# How to make the transsition from working a normal local job, to pro photographer?



## Life (Jan 18, 2015)

I am in a crossroad per say and would like advice from someone who may have been here done that. Right now, I work a min wage job, really want to get to be pro and do that as my income, not cooking. Ive been wanting to do this for years now, but im finally close to making the transition, but how? I have a woman to support, bills to pay. How could I take the leap, with not really any money, just experience.


----------



## jsecordphoto (Jan 18, 2015)

Are you taking in any income through photography at all right now?


----------



## Ream (Jan 18, 2015)

I have been at a similar crossroad, with a few differences.. I am a stay@home Mom.. I started small portrait jobs with a cheap point & shoot GE. I then took $1,000.00, bought a CanonRebelT3i, backdrops, lighting, & a remote! Read.Read.Read... Learn.Learn.Learn.. And I say this because, if you start working without learning, you will find yourself stuck, taking quick, cheap pictures, for little - no money, and you will not be flattered @ your own work.. A little depressing.. But once friends & family know you take photos, you will be taking everyone's photo for free.. Shoot more, read more, learn more, so you can charge more.. Learn your own rate and then absolutely charge people your rate + printing.... I have spent so much money out of pocket for under bidding jobs.. Don't get discouraged. You can do it!


----------



## EIngerson (Jan 18, 2015)

There are plenty of successful photographers. If you can support yourself through photography, great. but it's not an easy venture to establish a lucrative business. Making a living and being financially stable can be two different things. You can be an outstanding photographer, but if you are not business savvy, it's not going to work. I recommend getting a job with benefits. 

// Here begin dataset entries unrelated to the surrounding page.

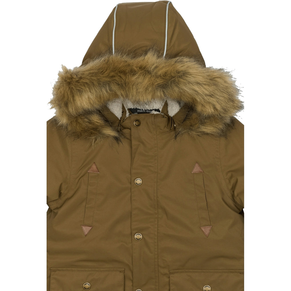 Mikk-line twill parka vinterjakke til drenge, der elsker leg og eventyr i naturen og under åben himmel. Denne smukke vinterjakke af nylon har en særlig god kvalitet og kan holde til de mest ekstreme vejrforhold med vind, regn og sne. Jakken er lavet af nylon beklædt med en klar TPU membran, og den indeholder ekstra kraftig polyesterfyld. Hætten, kraven og det øverste af kroppen har superblødt teddy foer, hvorimod ærmerne, lommerne og det nederste af kroppen har en glat og gnidningsfri indvendig overflade. Den er imprægneret med fluorfri BIONIC-FINISH® ECO imprægnering.
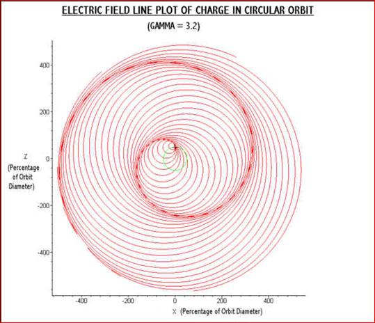 To summarise it has been shown that the gamma along the diameter provides a simple way to estimate the approximate electric field magnitude for any orbiting charge along the diameter between the charge and the orbit centre. Between the centre of the orbit and the far side the field magnitude is slightly less than that of a stationary charge although it is not in the same direction. The above plots have mainly examined the field magnitude as the field direction is easily seen from the field line plots and Fig 9. It is appreciated that the values obtained using these suggestions are only approximate but failing the availability of an exact formula they do provide an easy way to visualize and estimate the magnitude of the electric fields of a relativistic orbiting charge. Precise field amplitudes for any charge velocity can then be obtained using the Maple retarded potential program.
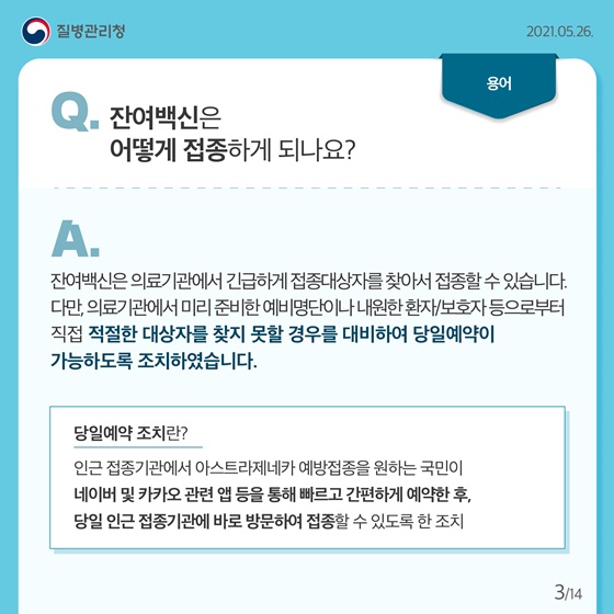 이 때문에 어제 이미 수많은 직장인과 젊은층이 잔여백신 예약에 몰렸다고 합니다. 어차피 맞아야될거 빨리빨리 맞는게 좋겠죠? 가능하신분들은 잔여백신을 통해서라도 빨리 접종하셔서 이 답답함으로부터 벗어나시기 바랍니다.
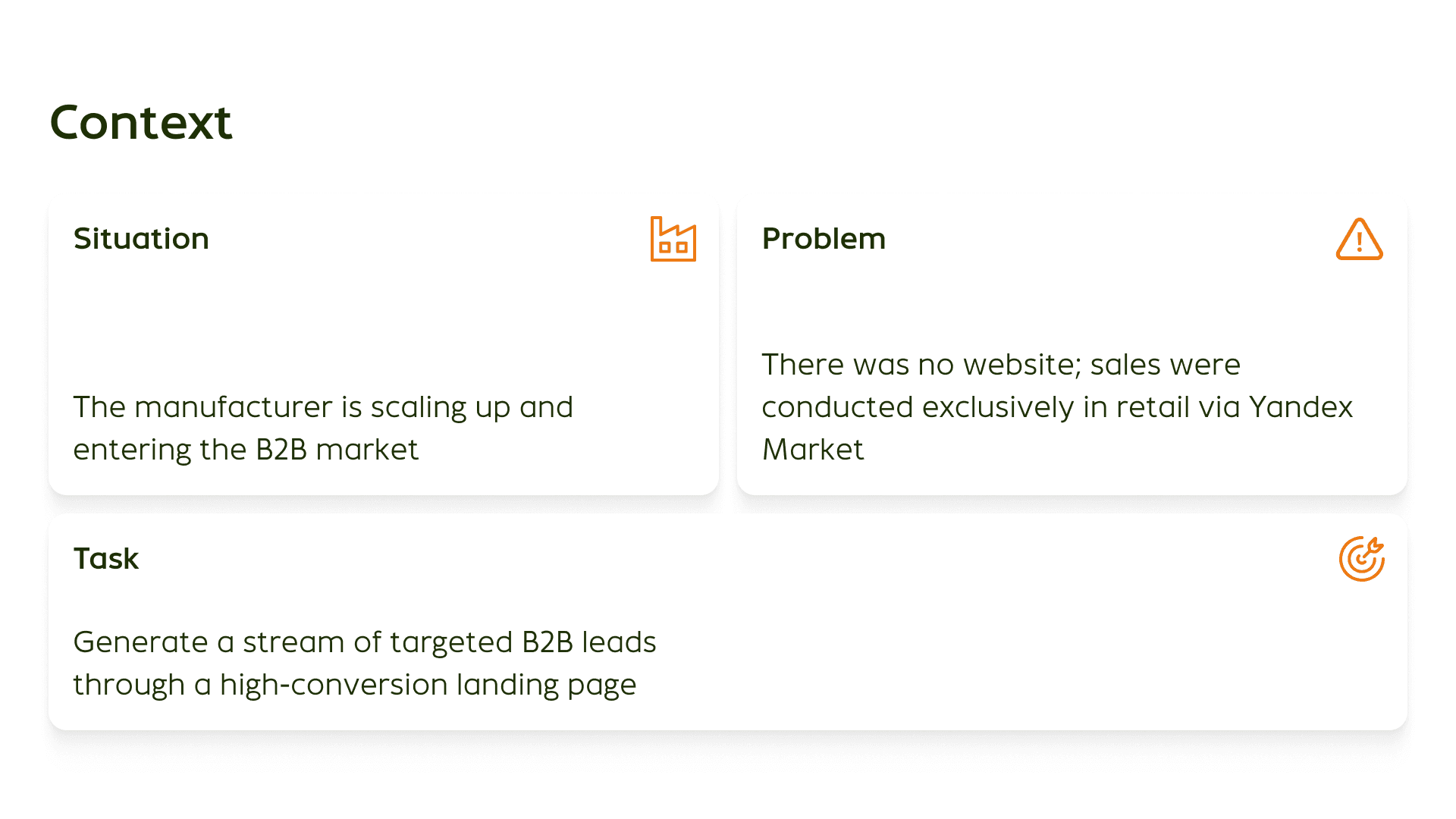 Problem: no website, no reputation in the professional field, sales only through marketplaces.

This is just $.02 from the peanut gallery. Take it for what it's worth.


----------



## Ream (Jan 18, 2015)

Ream said:


> I have been at a similar crossroad, with a few differences.. I am a stay@home Mom.. I started small portrait jobs with a cheap point & shoot GE. I then took $1,000.00, bought a CanonRebelT3i, backdrops, lighting, & a remote! Read.Read.Read... Learn.Learn.Learn.. And I say this because, if you start working without learning, you will find yourself stuck, taking quick, cheap pictures, for little - no money, and you will not be flattered @ your own work.. A little depressing.. But once friends & family know you take photos, you will be taking everyone's photo for free.. Shoot more, read more, learn more, so you can charge more.. Learn your own rate and then absolutely charge people your rate + printing.... I have spent so much money out of pocket for under bidding jobs.. Don't get discouraged. You can do it!


Also... It takes time.. It's not anything like cooking, or reading a recipe..  I promise! It is always rewarding though! Just set your limits. Don't cut yourself short.. Bid high.. What type of equipment do you have now? What area of photography are you most interested in?


----------



## Ream (Jan 18, 2015)

EIngerson said:


> There are plenty of successful photographers. If you can support yourself through photography, great. but it's not an easy venture to establish a lucrative business. Making a living and being financially stable can be two different things. You can be an outstanding photographer, but if you are not business savvy, it's not going to work. I recommend getting a job with benefits.
> 
> This is just $.02 from the peanut gallery. Take it for what it's worth.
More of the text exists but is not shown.